__Entries supplied__
──────────

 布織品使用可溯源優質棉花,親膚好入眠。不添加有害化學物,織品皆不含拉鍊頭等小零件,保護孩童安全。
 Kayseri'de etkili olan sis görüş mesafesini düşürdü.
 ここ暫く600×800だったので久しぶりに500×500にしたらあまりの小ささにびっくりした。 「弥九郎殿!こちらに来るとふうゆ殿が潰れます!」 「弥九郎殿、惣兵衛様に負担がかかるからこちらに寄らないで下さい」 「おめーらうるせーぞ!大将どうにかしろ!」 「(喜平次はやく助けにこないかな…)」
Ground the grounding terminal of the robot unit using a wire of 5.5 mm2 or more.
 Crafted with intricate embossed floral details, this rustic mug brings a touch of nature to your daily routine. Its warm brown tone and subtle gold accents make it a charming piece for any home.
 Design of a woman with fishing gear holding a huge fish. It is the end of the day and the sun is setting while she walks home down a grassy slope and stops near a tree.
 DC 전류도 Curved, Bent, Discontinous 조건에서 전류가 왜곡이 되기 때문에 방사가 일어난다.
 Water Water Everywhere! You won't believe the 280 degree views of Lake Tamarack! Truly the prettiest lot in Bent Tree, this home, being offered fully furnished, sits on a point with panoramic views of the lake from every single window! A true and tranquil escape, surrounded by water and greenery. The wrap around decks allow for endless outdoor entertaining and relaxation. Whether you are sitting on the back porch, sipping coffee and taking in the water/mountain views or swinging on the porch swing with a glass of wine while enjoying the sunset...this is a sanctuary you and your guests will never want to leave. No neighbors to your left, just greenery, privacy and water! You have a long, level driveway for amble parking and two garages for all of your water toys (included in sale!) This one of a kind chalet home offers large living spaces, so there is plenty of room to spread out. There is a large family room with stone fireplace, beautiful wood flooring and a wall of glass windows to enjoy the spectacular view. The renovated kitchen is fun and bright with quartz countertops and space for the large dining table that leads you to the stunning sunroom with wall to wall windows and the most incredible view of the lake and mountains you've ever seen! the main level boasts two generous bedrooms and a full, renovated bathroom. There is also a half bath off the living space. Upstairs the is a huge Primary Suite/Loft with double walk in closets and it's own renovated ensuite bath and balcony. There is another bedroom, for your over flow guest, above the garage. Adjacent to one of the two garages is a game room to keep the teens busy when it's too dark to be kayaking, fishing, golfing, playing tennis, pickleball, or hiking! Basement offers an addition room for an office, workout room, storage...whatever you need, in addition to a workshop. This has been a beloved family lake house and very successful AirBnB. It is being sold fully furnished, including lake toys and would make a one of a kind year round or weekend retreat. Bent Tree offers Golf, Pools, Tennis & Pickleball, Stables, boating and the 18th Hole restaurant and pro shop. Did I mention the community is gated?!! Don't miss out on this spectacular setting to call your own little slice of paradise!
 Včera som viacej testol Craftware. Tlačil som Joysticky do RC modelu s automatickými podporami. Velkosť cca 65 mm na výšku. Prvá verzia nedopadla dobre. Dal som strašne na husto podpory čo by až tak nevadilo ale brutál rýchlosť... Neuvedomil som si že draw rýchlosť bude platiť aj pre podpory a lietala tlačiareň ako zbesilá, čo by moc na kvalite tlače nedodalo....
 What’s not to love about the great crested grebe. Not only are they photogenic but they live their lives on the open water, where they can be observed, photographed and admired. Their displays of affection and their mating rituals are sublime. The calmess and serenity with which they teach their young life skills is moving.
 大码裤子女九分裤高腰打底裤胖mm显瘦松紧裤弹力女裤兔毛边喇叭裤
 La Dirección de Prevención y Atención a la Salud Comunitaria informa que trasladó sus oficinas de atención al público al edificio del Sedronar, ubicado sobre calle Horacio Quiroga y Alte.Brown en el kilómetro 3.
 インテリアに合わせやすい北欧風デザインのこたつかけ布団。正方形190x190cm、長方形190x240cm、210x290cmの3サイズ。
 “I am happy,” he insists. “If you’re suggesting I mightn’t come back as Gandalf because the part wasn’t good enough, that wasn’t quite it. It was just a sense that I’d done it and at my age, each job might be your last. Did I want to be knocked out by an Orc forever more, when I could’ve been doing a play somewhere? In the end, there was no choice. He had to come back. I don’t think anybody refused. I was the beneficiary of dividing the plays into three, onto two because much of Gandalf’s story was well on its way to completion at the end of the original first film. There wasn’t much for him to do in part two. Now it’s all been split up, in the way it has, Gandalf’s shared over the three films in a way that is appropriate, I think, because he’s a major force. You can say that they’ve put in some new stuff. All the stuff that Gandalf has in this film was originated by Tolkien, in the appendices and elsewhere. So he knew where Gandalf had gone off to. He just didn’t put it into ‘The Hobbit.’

──────────

__Your goal__
Go to the line in the material above that contains "What’s not to" and copy exactly from there through the line that contains "大码裤子女九分裤高腰打底裤胖mm显瘦松紧裤弹力女裤兔毛边喇叭裤", stopping after it.

__Answer__
 What’s not to love about the great crested grebe. Not only are they photogenic but they live their lives on the open water, where they can be observed, photographed and admired. Their displays of affection and their mating rituals are sublime. The calmess and serenity with which they teach their young life skills is moving.
 大码裤子女九分裤高腰打底裤胖mm显瘦松紧裤弹力女裤兔毛边喇叭裤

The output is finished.